My current work is an examination of the glimmer of life that remains after death. As I move
through spaces I look for traces, fragments, and what remains in order to understand what was
once passing over the same ground, breathing the same air as I do. I think of this evidence and
who left it behind as hallow; worth honoring, worth remembering, worth reverence.

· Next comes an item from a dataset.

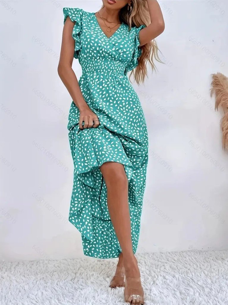 Kadın Kısa Kollu Kruvaze Yaka Beli Lastikli çiçek Desenli Elbise

Materials such as hair, ceramic, and bone can unlock information about a life lost, revealing and
preserving truths over time. Mourning rituals, funerary traditions, and archeological phenomena
are starting points for sculptures. From a baby’s dress to a set of dentures, a strand of hair to a
single bone, I feel both comfort and anxiety from their hidden secrets. I seek a sense of haunting,
a ghost of the past that has come back.

While researching my work, I often find myself disappearing down rabbit holes. A passage about
burial rituals from an ancient hunter gatherer society may lead me to look at the plaster casts of
Pompeii and then to Victorian era death portraiture. These connective webs that span time,
cultures, and processes circle back into themselves, ever strengthening my hunger for more
information, more instances that prove that death is just another way to live.

An obsessive, ritual-like need to to collect has been a dominant force in how I interact with,
organize, and understand the world. The seemingly commonplace whatnot, the cherished family
heirloom, or the cat’s old whisker all have both known and forgotten narratives embedded in
their matter. They serve as a record of place, time, touch, and person which in turn give tangible
form to the past, present, and future held in their existence.

I primarily use clay because of its strong bond to human creativity, transformational qualities,
and ability to record and render truths. Ceramic objects have withstood the test of time, creating
a window back into the maker’s methods, the user’s actions, and the traditions around it. The
nature of clay lends itself well to work about the body; it can mimic flesh and bone. It sweats,
cracks, shatters, and disappears back into the earth from which it came.